Нет, не делайте запасов из любви и доброты,
и про чёрный день грядущий не копите милосердья.
Пропадёт ни за понюшку, ну совсем ни за понюшку ваше горькое усердье,
Лягут свежие морщины, лягут новые морщины от напрасной суеты. 
Две жизни прожить не дано,
        Два счастья - затея пустая,
        из двух выпадает одно,
        такая уж правда простая.
        Кому проиграет труба
        прощальные в небо мотивы,
        Кому улыбнётся судьба,
        и он улыбнётся, *счастливый*. 
Жаль, что юность пролетела, жаль, что старость коротка.
Всё теперь уж на ладони, лоб в поту, душа в ушибах.
Но зато уже не будет, никогда уже не будет ни загадок, ни ошибок,
Только ровная дорога, только ровная дорога до последнего звонка. 
Две жизни прожить не дано...

----------


## Lampada

http://thor.kubsu.ru/index.php/corporat ... oglasnye_3 
"Непроизносимые, или «выпадающие», согласные *т, в, д* обычно встречаются в сочетаниях *стл, здн, рдц, вств*.
Ученики (на письме. Л.) делают ошибки, пропуская непроизносимые согласные в трудно проверяемых написаниях. К ним относятся слова с трудно распознаваемыми корнями и слова, редко употребляющиеся в речи учеников 
(окрестность, 
сверстник, 
лестница, 
крепостной, 
устный, 
праздник, 
под уздцы, 
безвозмездный, 
явственный, 
безмолвствовать).  
Написание слов с непроизносимыми согласными можно проверить, сопоставляя их с такими родственными словами (в том числе исторически родственными), в которых нет выпадения этих согласных.
Безмолвствовать – безмолвие;
окрестность – окрест, устар. вокруг;
сверстник – верста;
явственный звук – наяву.
Использование сопоставления слов с непроизносимыми и отчетливо произносимыми согласными в неродственных словах помогает предупредить смешение созвучных написаний (костный мозг – косный человек). 
Полезно поработать с таблицей сопоставления непроизносимых и отчетливо произносимых согласных:
сверстник – ровесник
полновластный – полногласный
грустный – гнусный
яростный – трехъярусный
свистнуть (издать свист) – свиснуть (повиснуть)
лестничная (клетка) – лесничий
...
...
искусственный – искусный
...
явственный (звук) (отчетливый) – яство (устар. еда, кушанье)
чувствовать – участвовать, чествовать
...  " Подчёркнуты выпадающие в разговоре звуки. Л.

----------


## Оля

> постлать (скатерть) – послать (письмо)

 Не согласна. Ну по крайней мере, я произношу именно "пос*т*лать".   ::

----------


## Lampada

> постлать (скатерть) – послать (письмо)
> 			
> 		  Не согласна. Ну по крайней мере, я произношу именно "пос*т*лать".

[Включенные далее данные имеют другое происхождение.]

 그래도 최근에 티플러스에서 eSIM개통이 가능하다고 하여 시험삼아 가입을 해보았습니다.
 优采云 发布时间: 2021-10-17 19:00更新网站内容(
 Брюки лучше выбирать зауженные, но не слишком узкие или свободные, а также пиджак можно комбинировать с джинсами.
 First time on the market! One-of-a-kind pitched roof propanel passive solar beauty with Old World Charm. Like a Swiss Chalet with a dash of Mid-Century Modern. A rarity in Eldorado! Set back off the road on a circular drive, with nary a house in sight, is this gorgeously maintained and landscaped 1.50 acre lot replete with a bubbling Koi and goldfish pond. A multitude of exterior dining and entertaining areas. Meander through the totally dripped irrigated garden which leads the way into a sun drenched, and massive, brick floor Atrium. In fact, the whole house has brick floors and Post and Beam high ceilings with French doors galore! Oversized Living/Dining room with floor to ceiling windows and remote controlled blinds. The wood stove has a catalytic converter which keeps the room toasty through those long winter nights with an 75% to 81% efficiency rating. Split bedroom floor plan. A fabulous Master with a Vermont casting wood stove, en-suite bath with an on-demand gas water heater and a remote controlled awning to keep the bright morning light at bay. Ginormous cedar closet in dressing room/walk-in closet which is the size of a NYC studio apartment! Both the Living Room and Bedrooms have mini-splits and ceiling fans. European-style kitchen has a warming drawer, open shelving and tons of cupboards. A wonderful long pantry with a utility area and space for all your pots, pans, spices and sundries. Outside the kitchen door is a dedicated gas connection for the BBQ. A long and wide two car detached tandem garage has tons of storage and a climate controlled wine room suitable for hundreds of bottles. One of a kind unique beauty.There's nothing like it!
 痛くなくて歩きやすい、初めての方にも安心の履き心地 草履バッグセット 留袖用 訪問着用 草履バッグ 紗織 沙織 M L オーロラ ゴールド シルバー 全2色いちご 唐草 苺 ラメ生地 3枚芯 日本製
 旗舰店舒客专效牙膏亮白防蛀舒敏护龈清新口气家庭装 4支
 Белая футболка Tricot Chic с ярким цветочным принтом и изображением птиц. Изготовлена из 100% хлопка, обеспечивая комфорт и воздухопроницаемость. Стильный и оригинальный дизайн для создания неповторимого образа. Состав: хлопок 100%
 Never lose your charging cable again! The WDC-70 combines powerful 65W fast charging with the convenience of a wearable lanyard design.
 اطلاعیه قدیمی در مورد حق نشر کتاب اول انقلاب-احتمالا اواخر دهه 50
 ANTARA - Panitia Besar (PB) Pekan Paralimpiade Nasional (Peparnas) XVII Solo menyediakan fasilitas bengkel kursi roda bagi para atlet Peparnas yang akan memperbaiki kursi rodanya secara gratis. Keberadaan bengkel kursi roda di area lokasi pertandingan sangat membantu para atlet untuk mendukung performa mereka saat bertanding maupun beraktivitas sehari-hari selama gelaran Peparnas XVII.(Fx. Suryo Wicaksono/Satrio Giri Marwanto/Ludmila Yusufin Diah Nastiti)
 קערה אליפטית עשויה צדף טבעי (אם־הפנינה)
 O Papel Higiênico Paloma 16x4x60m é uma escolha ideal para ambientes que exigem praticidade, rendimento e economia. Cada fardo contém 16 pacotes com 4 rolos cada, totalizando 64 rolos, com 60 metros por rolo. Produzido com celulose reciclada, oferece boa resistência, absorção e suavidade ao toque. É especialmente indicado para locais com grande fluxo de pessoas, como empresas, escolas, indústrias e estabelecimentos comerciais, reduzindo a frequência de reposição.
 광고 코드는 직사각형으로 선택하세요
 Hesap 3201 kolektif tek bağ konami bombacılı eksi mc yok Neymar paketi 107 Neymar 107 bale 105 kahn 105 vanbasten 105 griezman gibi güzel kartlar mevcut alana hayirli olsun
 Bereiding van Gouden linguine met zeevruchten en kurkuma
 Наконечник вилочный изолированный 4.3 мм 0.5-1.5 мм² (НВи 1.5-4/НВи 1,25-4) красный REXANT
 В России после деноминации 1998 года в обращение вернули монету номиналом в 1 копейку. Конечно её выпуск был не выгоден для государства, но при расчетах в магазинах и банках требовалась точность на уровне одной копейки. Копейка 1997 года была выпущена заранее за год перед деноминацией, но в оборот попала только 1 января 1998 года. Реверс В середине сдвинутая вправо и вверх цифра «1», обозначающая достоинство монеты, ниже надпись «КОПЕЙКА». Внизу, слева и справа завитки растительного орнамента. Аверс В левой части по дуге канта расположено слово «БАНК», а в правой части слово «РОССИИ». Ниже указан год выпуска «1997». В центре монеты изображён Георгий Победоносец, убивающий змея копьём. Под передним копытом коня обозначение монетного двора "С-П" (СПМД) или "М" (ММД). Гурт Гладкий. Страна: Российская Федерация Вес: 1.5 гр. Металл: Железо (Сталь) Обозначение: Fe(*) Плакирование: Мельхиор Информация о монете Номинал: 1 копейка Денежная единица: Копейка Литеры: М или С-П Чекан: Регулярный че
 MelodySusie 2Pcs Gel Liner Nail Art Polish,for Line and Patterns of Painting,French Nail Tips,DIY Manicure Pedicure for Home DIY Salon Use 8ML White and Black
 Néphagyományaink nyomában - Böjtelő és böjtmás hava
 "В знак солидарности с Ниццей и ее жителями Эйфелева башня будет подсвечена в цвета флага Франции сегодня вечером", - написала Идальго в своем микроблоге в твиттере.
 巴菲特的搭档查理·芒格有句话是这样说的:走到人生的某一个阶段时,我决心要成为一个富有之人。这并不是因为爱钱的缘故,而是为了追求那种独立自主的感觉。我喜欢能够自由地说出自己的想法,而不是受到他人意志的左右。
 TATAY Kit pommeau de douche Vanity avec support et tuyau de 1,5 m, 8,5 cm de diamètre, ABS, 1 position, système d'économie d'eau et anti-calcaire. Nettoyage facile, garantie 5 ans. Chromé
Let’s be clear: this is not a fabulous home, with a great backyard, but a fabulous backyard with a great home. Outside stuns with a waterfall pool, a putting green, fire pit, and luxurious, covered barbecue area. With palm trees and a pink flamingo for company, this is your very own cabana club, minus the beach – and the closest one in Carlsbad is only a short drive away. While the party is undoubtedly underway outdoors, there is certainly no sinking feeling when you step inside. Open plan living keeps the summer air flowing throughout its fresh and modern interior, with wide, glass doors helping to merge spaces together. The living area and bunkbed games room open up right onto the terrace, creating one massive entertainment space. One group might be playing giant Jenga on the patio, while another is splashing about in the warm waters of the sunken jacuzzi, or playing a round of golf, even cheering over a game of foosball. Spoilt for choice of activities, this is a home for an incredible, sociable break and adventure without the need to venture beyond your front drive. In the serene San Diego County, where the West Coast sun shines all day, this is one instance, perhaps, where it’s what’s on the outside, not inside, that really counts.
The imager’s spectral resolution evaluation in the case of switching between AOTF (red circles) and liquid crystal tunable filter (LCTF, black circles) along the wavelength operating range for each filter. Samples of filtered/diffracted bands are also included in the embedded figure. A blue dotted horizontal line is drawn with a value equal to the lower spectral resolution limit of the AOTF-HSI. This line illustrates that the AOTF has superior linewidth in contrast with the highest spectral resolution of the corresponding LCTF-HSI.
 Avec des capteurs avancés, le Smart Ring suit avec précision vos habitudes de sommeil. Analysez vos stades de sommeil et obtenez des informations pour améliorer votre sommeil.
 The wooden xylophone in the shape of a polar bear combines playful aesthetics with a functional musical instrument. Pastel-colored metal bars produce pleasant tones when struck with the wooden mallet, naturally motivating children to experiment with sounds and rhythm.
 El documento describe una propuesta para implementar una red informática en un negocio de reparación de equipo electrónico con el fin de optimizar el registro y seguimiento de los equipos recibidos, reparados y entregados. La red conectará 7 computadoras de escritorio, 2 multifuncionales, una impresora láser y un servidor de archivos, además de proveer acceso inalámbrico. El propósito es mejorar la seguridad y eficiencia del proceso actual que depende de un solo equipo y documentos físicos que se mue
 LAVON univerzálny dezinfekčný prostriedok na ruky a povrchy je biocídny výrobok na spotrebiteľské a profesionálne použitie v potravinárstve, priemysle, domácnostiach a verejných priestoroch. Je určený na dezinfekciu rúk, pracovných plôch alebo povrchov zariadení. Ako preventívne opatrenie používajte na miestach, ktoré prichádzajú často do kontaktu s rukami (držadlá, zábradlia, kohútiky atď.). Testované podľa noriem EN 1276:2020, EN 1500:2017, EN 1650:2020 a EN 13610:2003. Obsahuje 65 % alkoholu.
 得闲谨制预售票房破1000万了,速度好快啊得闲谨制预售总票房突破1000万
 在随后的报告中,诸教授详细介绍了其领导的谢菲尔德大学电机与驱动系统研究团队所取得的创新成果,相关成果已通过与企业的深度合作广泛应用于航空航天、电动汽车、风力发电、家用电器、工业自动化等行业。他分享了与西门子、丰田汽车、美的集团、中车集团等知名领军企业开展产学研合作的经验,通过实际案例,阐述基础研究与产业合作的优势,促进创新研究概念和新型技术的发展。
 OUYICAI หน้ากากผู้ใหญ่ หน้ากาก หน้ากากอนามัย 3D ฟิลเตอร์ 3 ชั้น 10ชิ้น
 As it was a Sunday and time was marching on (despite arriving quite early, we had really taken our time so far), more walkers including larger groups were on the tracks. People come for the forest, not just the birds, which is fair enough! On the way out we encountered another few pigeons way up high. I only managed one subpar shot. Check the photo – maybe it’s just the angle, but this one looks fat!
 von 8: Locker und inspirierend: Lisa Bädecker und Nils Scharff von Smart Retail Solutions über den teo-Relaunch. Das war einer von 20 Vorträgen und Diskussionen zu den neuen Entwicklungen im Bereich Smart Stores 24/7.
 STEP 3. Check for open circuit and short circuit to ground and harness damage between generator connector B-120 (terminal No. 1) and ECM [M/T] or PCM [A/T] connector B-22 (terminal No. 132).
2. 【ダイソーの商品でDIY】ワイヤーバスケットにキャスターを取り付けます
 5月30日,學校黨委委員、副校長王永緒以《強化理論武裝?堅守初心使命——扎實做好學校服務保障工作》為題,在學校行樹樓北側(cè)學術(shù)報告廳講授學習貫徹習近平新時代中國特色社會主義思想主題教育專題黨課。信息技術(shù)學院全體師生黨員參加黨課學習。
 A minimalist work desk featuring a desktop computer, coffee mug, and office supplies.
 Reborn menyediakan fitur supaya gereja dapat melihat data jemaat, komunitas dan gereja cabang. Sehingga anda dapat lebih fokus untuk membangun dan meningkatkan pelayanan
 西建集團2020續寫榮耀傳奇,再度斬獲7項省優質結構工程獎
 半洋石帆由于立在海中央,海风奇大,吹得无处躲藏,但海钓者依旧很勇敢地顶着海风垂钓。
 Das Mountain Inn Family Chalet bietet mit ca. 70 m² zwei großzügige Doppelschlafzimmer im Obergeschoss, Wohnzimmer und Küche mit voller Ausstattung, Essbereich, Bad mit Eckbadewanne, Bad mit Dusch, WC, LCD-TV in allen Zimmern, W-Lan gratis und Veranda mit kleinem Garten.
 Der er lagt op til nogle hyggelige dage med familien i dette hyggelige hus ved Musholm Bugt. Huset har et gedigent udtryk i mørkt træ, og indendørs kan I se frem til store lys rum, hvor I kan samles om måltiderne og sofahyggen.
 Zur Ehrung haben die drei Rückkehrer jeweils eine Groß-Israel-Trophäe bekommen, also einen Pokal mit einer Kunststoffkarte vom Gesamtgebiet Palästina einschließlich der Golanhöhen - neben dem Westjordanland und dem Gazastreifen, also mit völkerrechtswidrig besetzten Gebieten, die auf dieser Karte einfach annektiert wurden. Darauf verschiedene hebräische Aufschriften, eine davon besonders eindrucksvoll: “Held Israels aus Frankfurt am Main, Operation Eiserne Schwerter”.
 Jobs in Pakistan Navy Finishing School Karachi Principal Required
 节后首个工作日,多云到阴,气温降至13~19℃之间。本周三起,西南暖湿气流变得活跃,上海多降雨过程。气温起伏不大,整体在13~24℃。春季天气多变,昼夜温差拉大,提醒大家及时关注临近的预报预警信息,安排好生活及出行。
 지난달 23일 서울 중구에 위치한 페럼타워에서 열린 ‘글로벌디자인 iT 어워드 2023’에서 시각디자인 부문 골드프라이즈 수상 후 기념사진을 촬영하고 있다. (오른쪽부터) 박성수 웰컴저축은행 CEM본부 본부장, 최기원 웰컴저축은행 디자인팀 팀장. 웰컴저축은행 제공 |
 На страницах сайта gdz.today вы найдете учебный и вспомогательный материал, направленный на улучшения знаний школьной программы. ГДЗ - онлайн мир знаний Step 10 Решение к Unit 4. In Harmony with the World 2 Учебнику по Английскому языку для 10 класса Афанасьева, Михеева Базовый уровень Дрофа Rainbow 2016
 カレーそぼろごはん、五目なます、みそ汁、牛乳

 "_постелите мне степь, занавесьте мне окна туманом"_.  Да, уберу, пожалуй.

----------


## translationsnmru

> постлать (скатерть) – послать (письмо)
> 			
> 		  Не согласна. Ну по крайней мере, я произношу именно "пос*т*лать".

 А я говорю "пос*те*л*и*ть"  ::

----------


## Оля

> А я говорю "пос*те*л*и*ть"

 Ты произносишь слово "постлать" как "постелить"? Оригинально.   ::

----------


## Lampada

[quote=Оля] 

> А я говорю "пос*те*л*и*ть"

 Ты произносишь слово "постлать" как "постелить"? Оригинально.   :: [/quote:zmmu0724]
Я тоже.  А почему нет?  _Постелить_ разговорное от _постлать_.

----------


## translationsnmru

[quote=Lampada] 

> Originally Posted by "translations.nm.ru":pjku3xd5  А я говорю "пос*те*л*и*ть"    Ты произносишь слово "постлать" как "постелить"? Оригинально.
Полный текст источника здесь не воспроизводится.